ボディがひょうたんのように大きなくびれを作っているので、抱き心地がいい。
かなり小ぶりなサイズ感だけど鳴りはいいし、俺の感じたそのままの音を出してくれる。
激しく引けば振動がそのまま感じられ、優しく弾くと囁くように歌ってくれる。
こいつは俺の本当の俺をわかってくれている。

今日もここでこいつといっしょに歌う。
「ギャラリーSOLEIL」はギャラリーだけど 光一さんの趣味的な色が濃くてまだ無名のアーティストばかりの作品が展示してある。「SOLEIL」はフランス語で「太陽」の意味だから陽の当たらない奴らに光を当ててやろうという事なのかもしれない。
まだ売れてない無名のやつの方が俺にはその魂みたいな輝きが壁じゅうから感じられてとても刺激をもらう。

歌う時にすごく高揚したりする。
売れようとして、もがいているヤツや、今の自分をただ激しく表現したくて作品にぶつけているヤツなんかで囲まれているからそうなるのかもしれない。
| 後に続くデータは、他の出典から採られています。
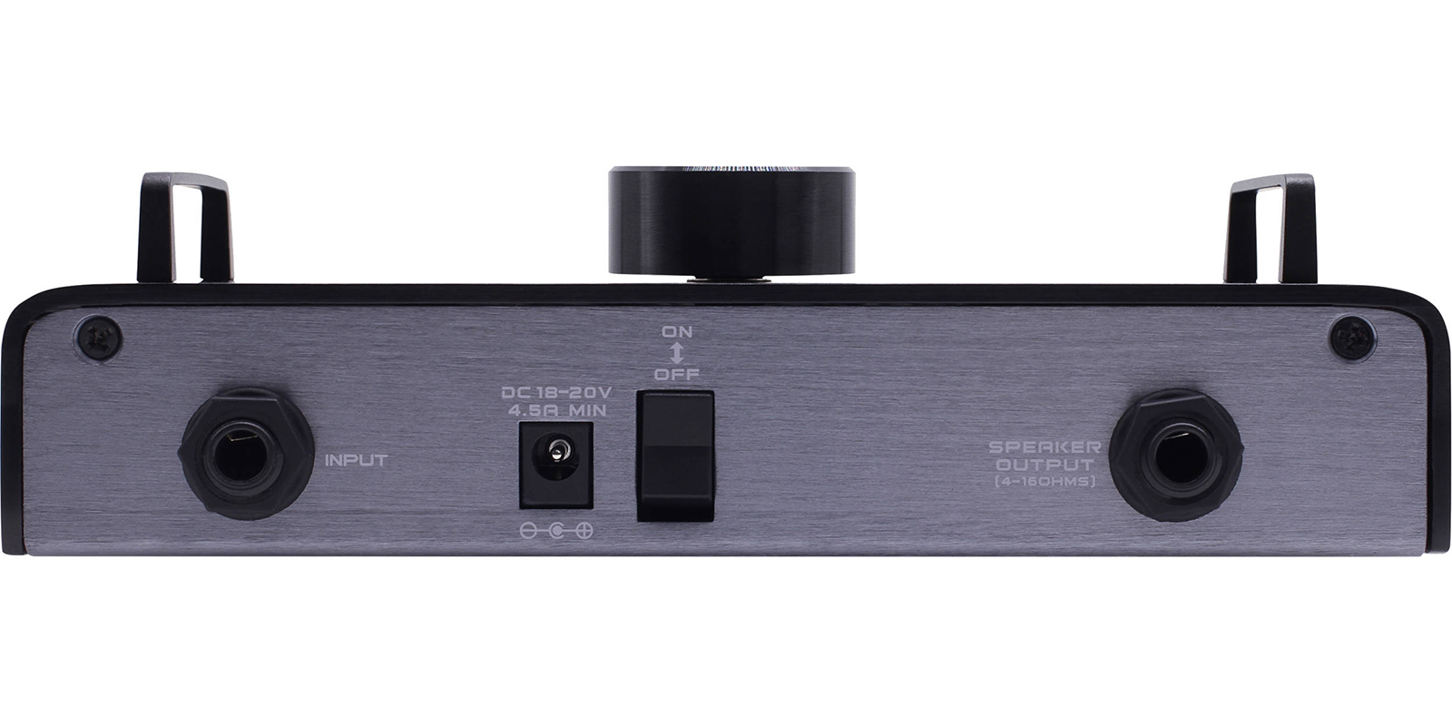 Amplificador de potencia portátil de piso para guitarra, tamaño compacto, carcasa ligera de aluminio, da volumen y voz a tus pedales de drive y modeladores de amplificador, potencia de salida de hasta 75 watts, compatible con gabinetes de diferentes impedancias que van de los 4 a los 16 ohms, tono de alta calidad con control de volumen simple, alta impedancia de entrada que mantiene su tono impecable, fuente de alimentación de 18-20 V CC (centro positivo), consumo de energía: 4.5A, dimensiones: 190 × 118.5 × 53.5 mm, peso: 590 g.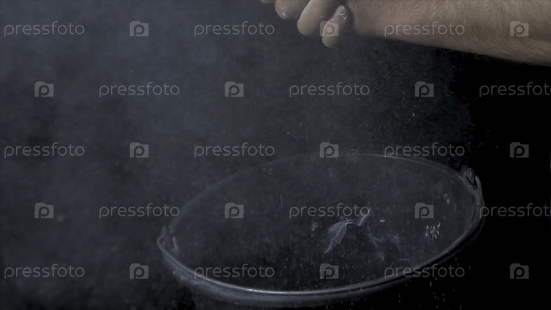 Массаж мускулистого мужчины, готового к тренировке. Мужчина-пауэрлифтер в тальке и спортивных браслетах готовится к прессе. Руки в меле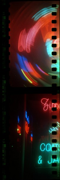 First, I shot the sign with my splitfilm mixture in the AGFA Clipper Special f/6.3. A few static shots at different angles, then I left the shutter open and rotated the camera on its tripod axis. The neon pirouette. I alternated between pirouettes and straight shots.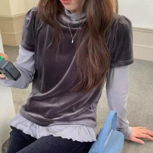 [옷자락] 여성 벨벳 레이어드 프릴 시스루 터틀넥 티셔츠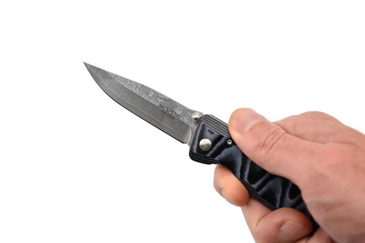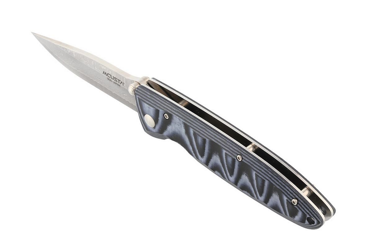 Mcusta wird in Seki, Japan, hergestellt und kombiniert moderne Technologie mit traditioneller japanischer Handwerkskunst, um handgefertigte, maßgeschneiderte Qualitätsmesser herzustellen. Dieses Messer ist im geschlossenen Zustand 11,1 cm lang und verfügt über eine Klinge aus 33-lagigem Damast-Edelstahl mit VG-10-Kern und einen blauen Micarta-Griff mit rechtshändigem, mit der Spitze nach unten gerichtetem Taschenclip (nicht umkehrbar).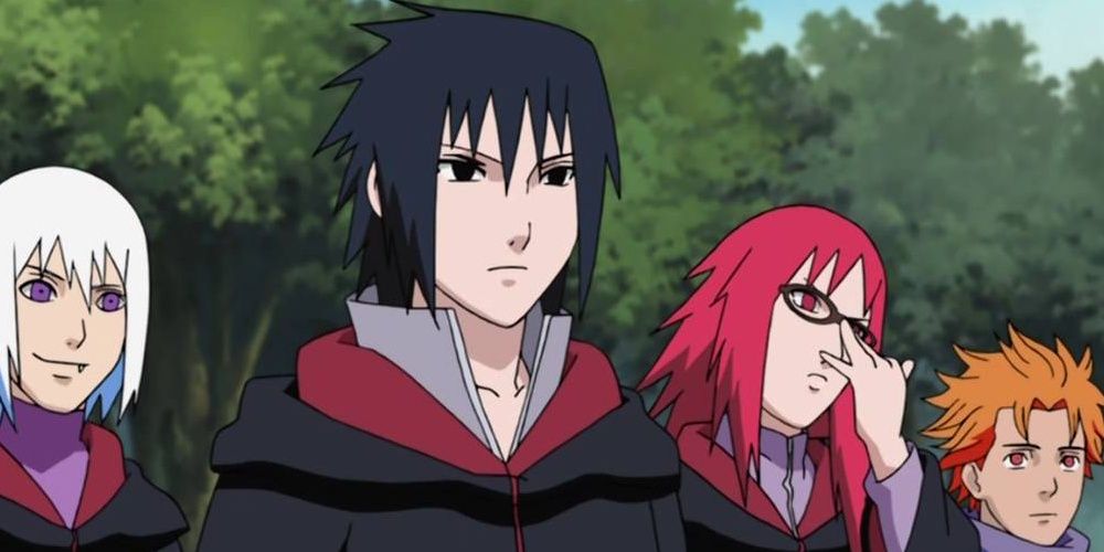 Aunque se trata de un equipo improbable, la búsqueda de Sasuke dio a los cuatro jóvenes una dirección, un propósito y un sentido de comunidad. Aunque en general trataba bien a sus nuevos amigos, consideraba a Karin prescindible durante la lucha contra Danzo Shimura. Probablemente, esto se debía a su parecido con Sakura Haruno y a que consideraba sus obsesiones románticas como una molestia.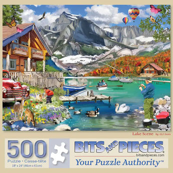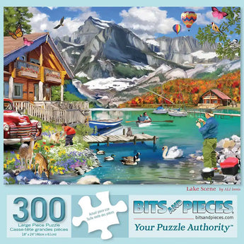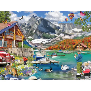 Enjoy a peaceful retreat with "Lake Scene," a beautifully illustrated puzzle by artist Ali Innis. This vibrant 300-piece puzzle features a lakeside cabin, fishing docks, playful wildlife, and scenic mountain views. Hot air balloons drift in the sky as boats float on the sparkling lake, creating a perfect blend of adventure and serenity. Measures 18" x 24" and is available in multiple piece counts to suit all skill levels.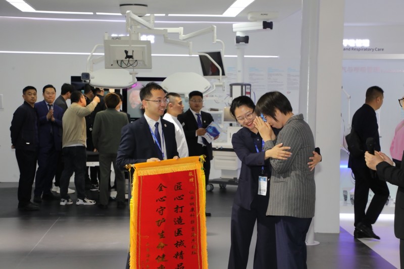 2025 年春季 CMEF 开幕首日,王女士手捧锦旗来到谊安展位:"这半年来,父亲的血氧饱和度从 82% 稳定在 95% 以上,现在每天能做一些简单的运动!" 她眼含热泪分享道,从最初对家用呼吸机的忐忑,到如今亲眼见证家人生命质量的提升,谊安团队 "从展会到床头" 的全周期服务让她真正感受到 "医疗器械不仅是冰冷的设备,更是承载希望的生命纽带"。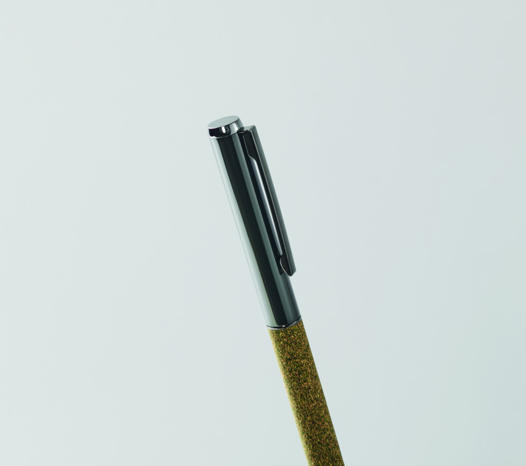 Csavarzáras fém golyóstoll, 20% teazaccból, 30% parafából, 50% poliészter-pamut keverékből készült tolltesttel, kartondobozban. Kéken író betéttel.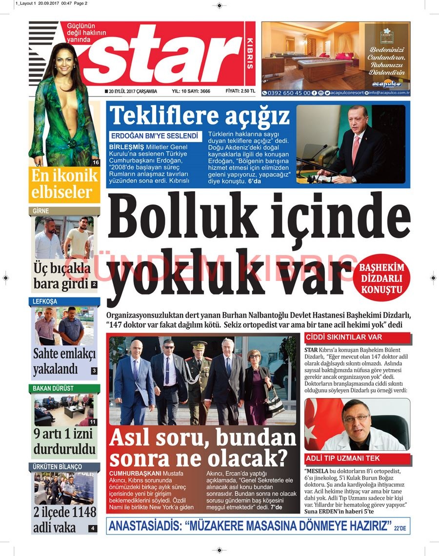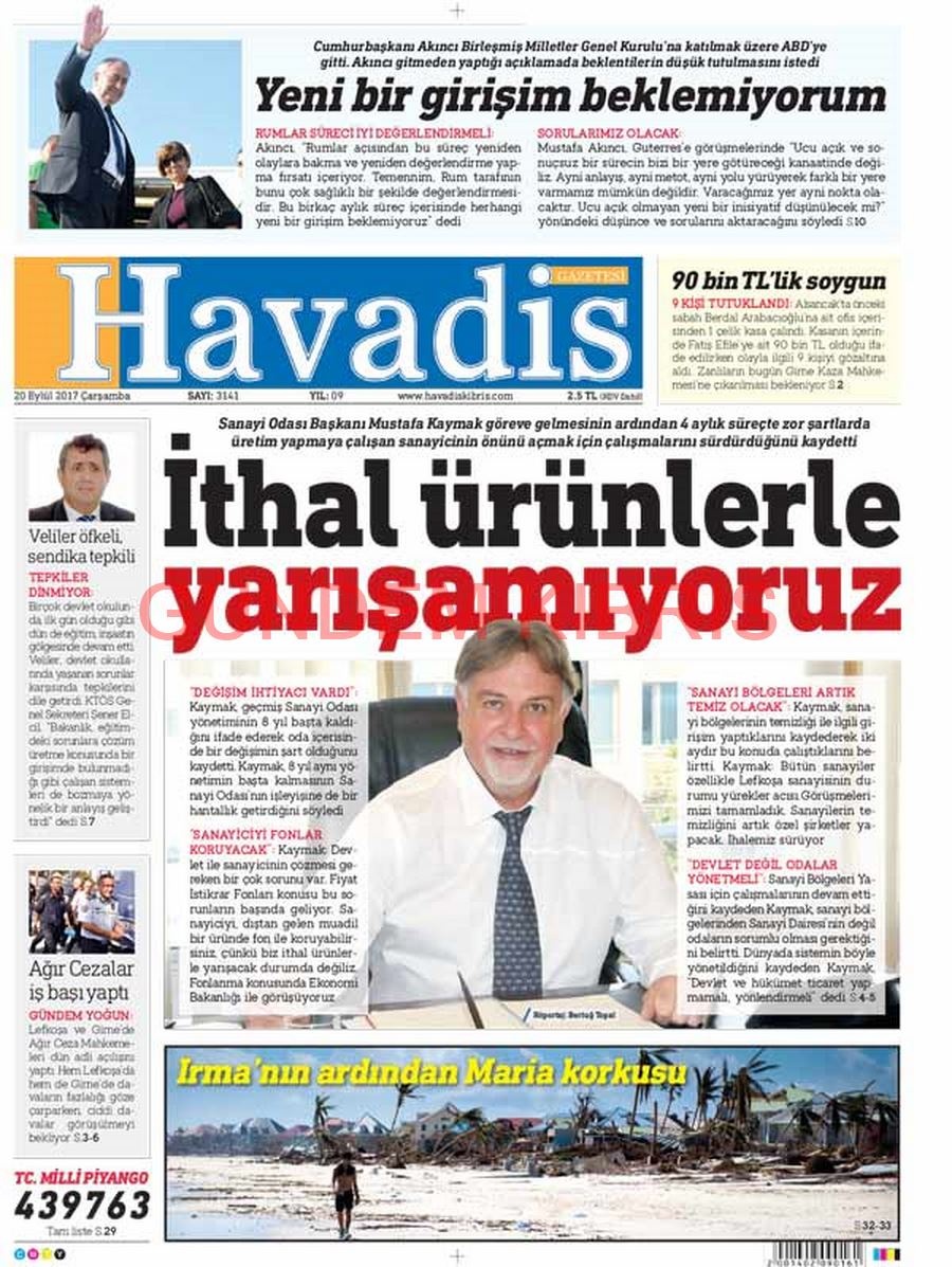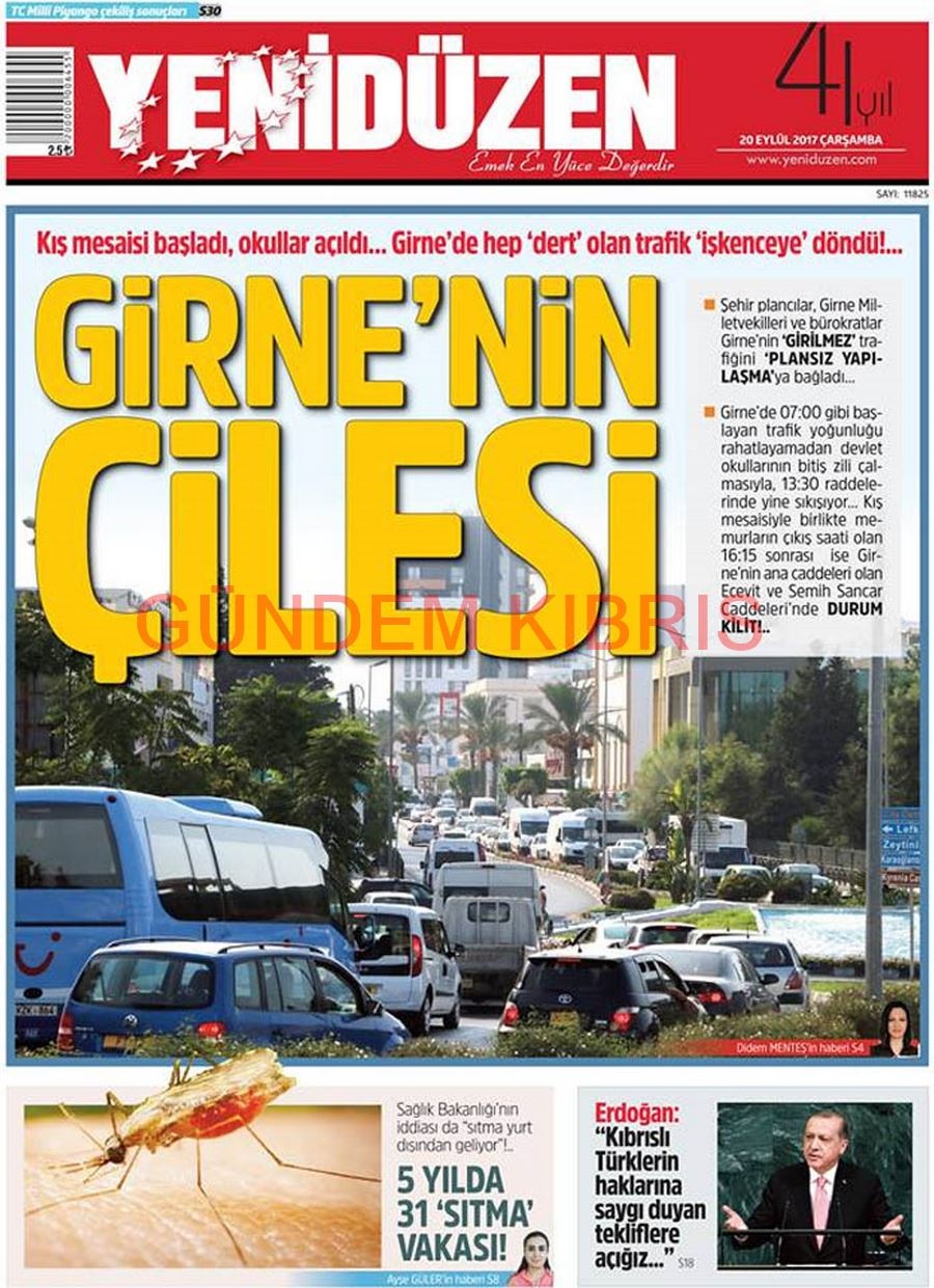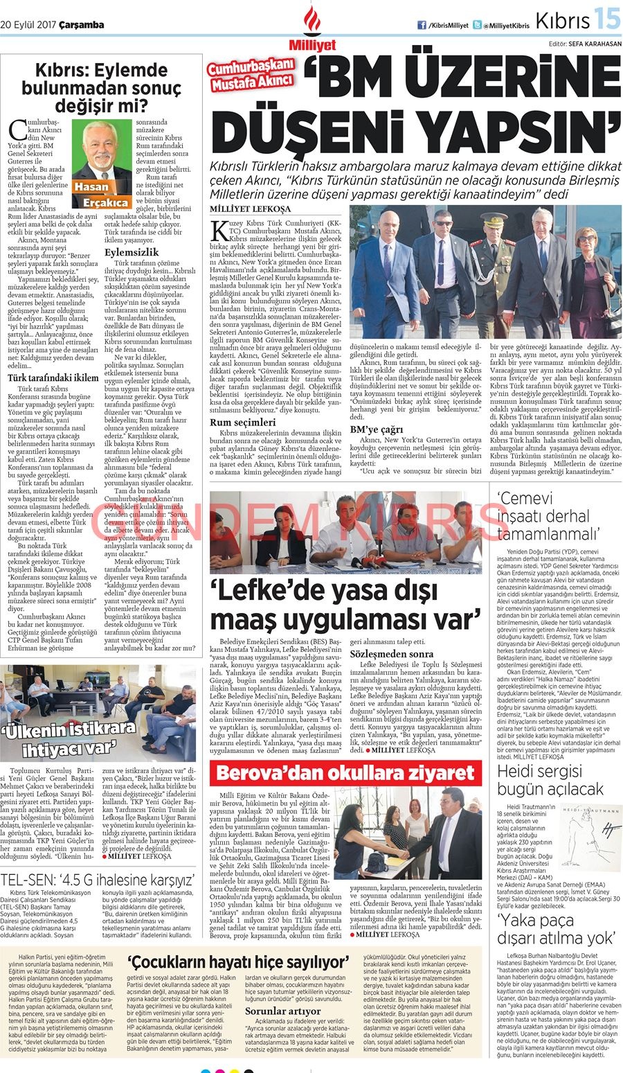 KKTC Gazete Manşetleri 20 Eylül 2017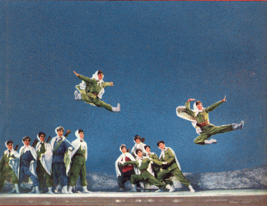 京舞体三結合とは、伝統的な京劇の演技術に、「舞」つまりバレエを主軸とした当時の舞踊、および「体」すなわち器械体操を中心とした各種スポーツを加え、この三つを身体技法の基礎とする、という意味である。たとえば写真1は『智取威虎山』の一シーンだが、跳躍動作を見せている俳優達の演技から、そこにバレエや体操の影響があったことは容易に見て取れるだろう。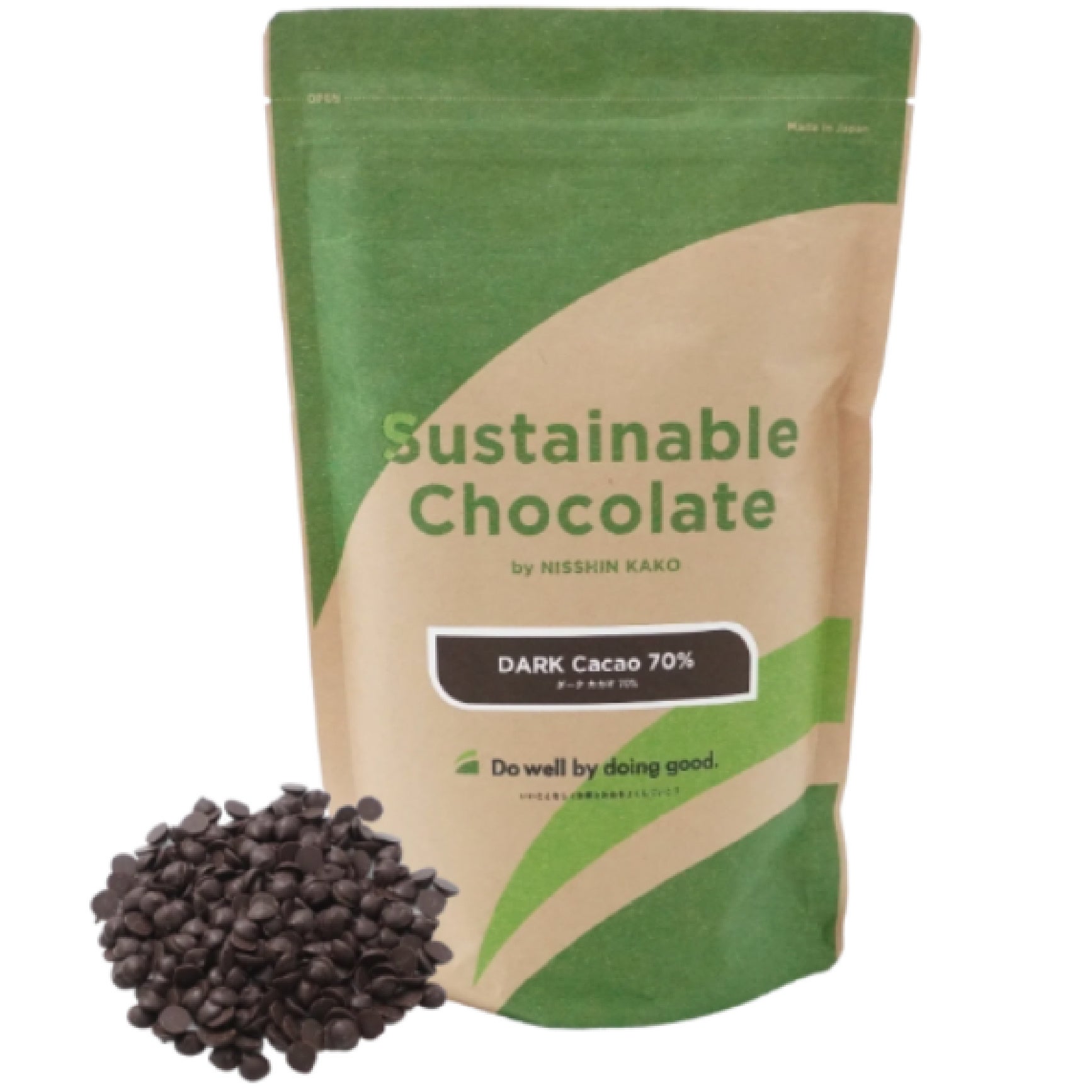 日新化工の「サステナブルチョコレートシリーズ」は、農家支援・児童労働撲滅・森林保全の取り組みのもとで栽培されたガーナ産カカオ豆を使用した業務用チョコレートです。このシリーズの売上の一部が「Do well by doing good.」プログラムの活動資金として産地に還元されます。チョコレートを購入・消費する方々の「おいしい」が、ガーナのカカオ農家の「うれしい」に直接つながる仕組みです。

仄暗い片隅にいると時々得体の知れないオーブみたいなヤツがそこら中に飛び交っている時もある。

何かを表現するのは、すごいエネルギーが使われているんだと、ここに来るたびに感じて刺激をもらうのだ。

今はもうすっかり片付けられているが沙耶の作品が飾ってあった時は、銀色のドームの中にいて眩しいくらいの銀色だった。彼女はいつも銀色のベールをまとっているようで彼女自身が発光体のように俺には見えていた。
それはまるで蜃気楼のようだった。

今は面影だけがホログラムのように時々俺の頭の中に浮かぶ。
いつか現実に現れてくれると信じて、願って、ここ「SOLEIL」で歌っているのだ。

光一さんといると沙耶の気配を、沙耶の息吹きを感じられるから。